Working at the Cold Stone Creamery in Miami’s posh Coral Gables neighborhood, I’m always amused by the packs of fashionable girls who buy $4 ice cream with an American Express Platinum. Popular American culture—young and old, wealthy and middle class—has become beholden to image-obsessed consumerism. This vanity percolates from the elite New York intelligentsia of HBO’s Sex and the City on down to Disney tykes infatuated with all things Hilary Duff; start them off early with Lizzie McGuire plush dolls and move them onto Dolce & Gabbana. It’s not simply that people like buying stuff. This celebrity culture is one of exclusivity, in which the shiniest handbag reigns supreme. Hollywood replaces human connection with peacock-like pageantry.
Case in point: Duff’s latest offering to her rabid fanbase, Material Girls. (You might remember it from May when it starred Lindsay Lohan and was called Just My Luck.) Duff inherits Madonna’s epithet but, unsurprisingly, none of her idol’s irony.
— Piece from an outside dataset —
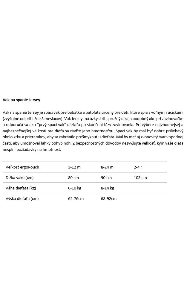 Co je TOG? TOG je zkratka pro Thermal Overall Grade a je to jednotka měření izolace a hřejivosti spacích oděvů a ložního prádla. Čím nižší je hodnocení TOG, tím je látka lehčí; čím je hodnocení vyšší, tím je látka více vycpaná a izolována. Vak na spaní s rukávy je celoroční spací pytel pro miminka a batolata, která spí s rozpaženýma rukama obvykle od přibližně 3 měsíců. Vak na spaní Jersey má úzký střih, pružný design podobný jako u zavinovačky a doporučuje se jako „první spací pytel“ dítěte po skončení fáze zavinování. Design schválený pro bezpečný spánek je vyroben z měkké, elastické organické bavlny s certifikátem GOTS, která je netoxická a šetrná k pokožce dítěte. Ergonomicky navržený vak má zvonovou spodní část, která podporuje zdravý vývoj kyčlí a je schválena Mezinárodním institutem pro dysplazi kyčlí a materiál je elastický, aby se dítě mohlo během spánku volněji pohybovat a zůstat v pohodlí. Vak na spaní Jersey 3,5 TOG je ideální pro udržení tepla pro dítě během noci v místnostech o teplotě 14-20 °C. Hodnota 3,5 TOG znamená, že při používání tohoto výrobku nejsou zapotřebí další přikrývky v postýlce, což z něj činí možnost bezpečného spánku. Rodiče si mohou být jisti, že prodyšná organická a přírodní vlákna pomáhají regulovat teplotu dítěte a zabraňují přehřátí. Rodiče se mohou řídit pokojovým teploměrem ZDARMA a příručkou What to Wear (Co si obléct), které jsou součástí výrobku, a vhodně pod ně navrstvovat vrstvy, aby jejich dítě zůstalo v teple. Spací pytel Jersey splňuje všechny bezpečnostní normy v Austrálii a na Novém Zélandu a je přezkoumán Asociací pro ekzémy v Austrálii jako výrobek šetrný k pokožce. Všechny tkaniny ergoPouch jsou barveny netoxickými barvami na bázi vody a dodávají se v trendových potiskech a barvách, které se hodí do každého dětského pokoje. Všechny potisky jsou navrženy přímo v ergoPouch. Vlastnosti: - organická bavlna s certifikátem GOTS - prodyšná přírodní vlákna - úzký střih a pružnost - zvonovitá spodní část - hodnocení TOG pro teplo - zapínání na zip - dvoucestný zip - certifikovaná netoxickost - šetrné k pokožce - nejsou zapotřebí žádné přikrývky - lze prát v pračce Jak používat: Položte vak na rovný, nízký povrch s otevřeným zipem. Položte dítě na vršek vaku na spaní. Ruce vložte do rukávů a nohy zastrčte do kapsy a zapněte zip. Chcete-li dítěti vyměnit plenu nebo jej ochladit, otevřete zip zespoda kapsy, abyste uvolnili nohy a spodní část trupu. Po skončení práce zip opět zavřete. Podle potřeby pod ni navrstvěte teplou vrstvu. Pro názorný návod, jak se to všechno spojuje, si prohlédněte naše video Jak používat spací pytel. Vždy uspávejte dítě v bezpečném prostředí na spaní.

Madonna always had her eyes on the sweet guy in the pickup, whereas Duff seems transfixed on signposts of wealth. Her and sister Haylie Duff star as L.A.’s hottest siblings Tanzie and Ava, heirs to a cosmetics company fortune. When their dad dies and the business goes under, the Duffs have to deal with a more humble lifestyle (the tagline tell us, “It’s A Short Trip From The Penthouse To The Poorhouse”).
A curt message in the film teaches integrity over riches, but this denouement does more damage than it heals. The sisters return to their position of comfortable superiority, continuing to condescend to the Latino immigrant maid who lives off of their hand-me-downs and converting their rough-hewn boyfriends into male pinup dolls. Target audiences eat it up because it makes them feel important, even charitable, as it emboldens their most soulless impulses. Finally at the controls of the company, Ava helps the maid immigrate her foreign-born children. Now look more carefully: In the dubious final shot, these newly American kids fall asleep as a billboard ad featuring the sisters watches protectively over them—a safe buffer between the ruling and the working class. The ad exclaims, “Affordable!” suggesting social equality between them and the immigrants, when in fact it only means Tanzie and Ava will control more pocketbooks. The Duffs’ mantra: steal from the rich, steal from the poor. Give it to yourself.